Get Database Information and Check if a MongoDB Collection Exists in Python

Introduction

This tutorial will explain how to check for instances of and how to access MongoDB databases and collections on a server using the PyMongo driver for Python. The PyMongo Python driver for MongoDB must be installed along with Python Version 3.

Prerequisites

  • The MongoDB server must be running on the same cluster as the node or machine with the Python script making API calls:
mongo --version
  • The PyMongo Python driver for MongoDB must be installed using pip3, as shown below. As Python 2.7 is deprecated and losing support all the examples in this tutorial use Python 3:
pip3 install pymongo
  • A database on the MongoDB cluster with collections suitable for testing the examples in this article.

No spaces are allowed in a MongoDB database name

Unlike collections, database names are not allowed to have spaces; only hyphens (-), dashes (—), and underscores (_) are permitted in a database name, as show here:

Screenshot of MongoDB Compass GUI displaying an error from user creating a database with a space in the name

For example, trying to create a database object like client["Hello World"] in PyMongo will return a pymongo.errors.InvalidName exception.

How to Access the MongoClient Class and Create a Client Instance of MongoDB in Python

First, import the PyMongo library into the Python script and then create a new client instance of the driver, as follows:

# import pymongo and all of the classes
from pymongo import MongoClient, errors

# create a new client instance
mongo_client = MongoClient('mongodb://localhost:27017')

Use the client to access the databases and a collection on the server. Import PyMongo’s errors module to catch any PyMongo errors in a “try-catch” exception indentation block.

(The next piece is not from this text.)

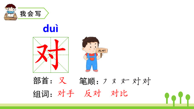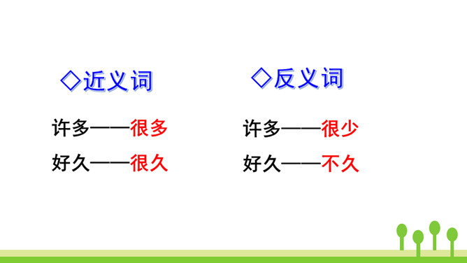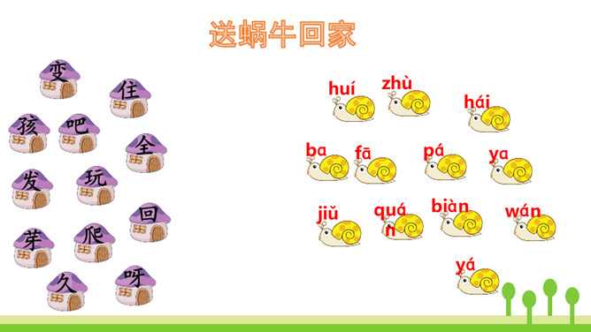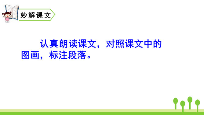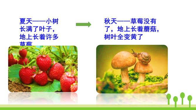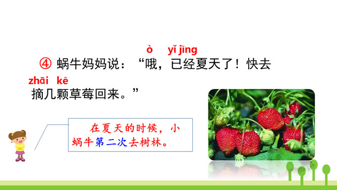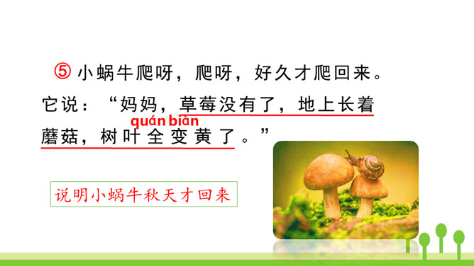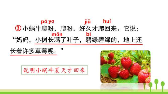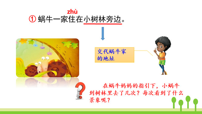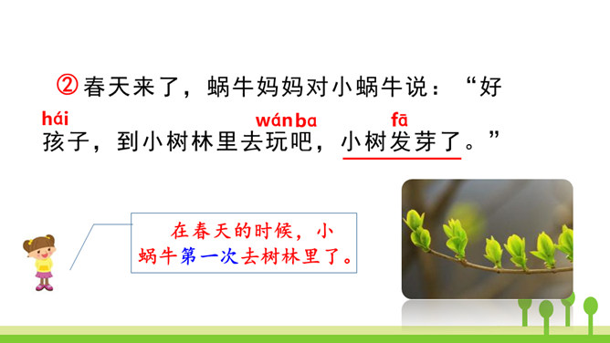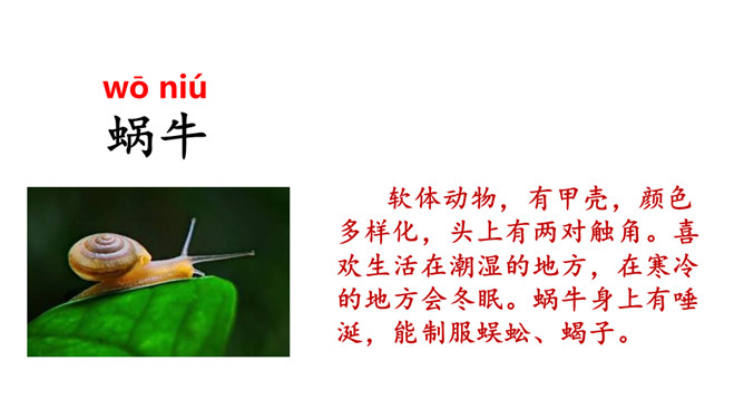 本文是一篇童话故事,以一只可爱的小蜗牛和它慈爱的妈妈之间有趣的对话呈现故事情节。小蜗牛在妈妈的提示下去树林玩,由于爬得慢,总是错过原来的季节,看到了下一个季节的风景。课文借助小蜗牛先后三次去树林里的故事,帮助学生了解四季的不同特点以及蜗牛爬得慢的特点。结束语:四季的景色各不相同,让我们擦亮眼睛,去发现大自然的美丽吧!对照图画,认真朗读课文。默写本课生字词。所属专题:小蜗牛ppt。

How to Call the MongoClient’s List_database_names() Method to Return a List of All the Databases

Call the client’s list_database_names() method and have the PyMongo client return a list of all the MongoDB database names, in string format, that exist on the server, as shown here:

db_names = mongo_client.list_database_names()

>NOTE: The database_names() method has been deprecated since version 3.x of MongoDB.

This should print out all of the collection names to provide an idea of precisely what’s on the database. The Mongo Shell equivalent of the list_database_names() method call is show dbs.

How to iterate the MongoDB database names

This method will return a list object containing all of the database names, or an empty list object ([]) if there are no databases. Use an iterator, like enumerate(), to search the database names as follows:

# use enumerate to iterate the database names list
for db in enumerate(db_names):
print (db)

# get the total num of databases
print ("total databases:", len(db_names))

The above print statements should print out something like the following:

(0, 'Some-Database')
(1, 'admin')
(2, 'config')
(3, 'employees')
(4, 'local')
(5, 'unwanted_database')
total databases: 6

Returning information from the Database object

Calling the Database object itself, or executing a print command as shown below, will return some information about the MongoDB server, such as the host and port MongoDB is running on:

print (mongo_client["Some-Database"])

Attempting to access an attribute of the database object will only return a new collection instance using the attribute name.

Selecting a MongoDB Database to Look for Collections

The MongoClient class’s client instance can be used to access a MongoDB database directly in Python by creating a database object. The database and collection object can be used to verify if there are documents and data available.

db = mongo_client.some_database

The database object allows the user to access a collection object directly as well as to call the collection attributes count_documents() method. For example, pass an empty dictionary object ({}) to the method call as follows:

# create collection object from database and client instance
col = mongo_client["some_database"]["some_collection"]

# count the documents
docs = col.count_documents({})
print ("doc count:", docs, "for", col.name)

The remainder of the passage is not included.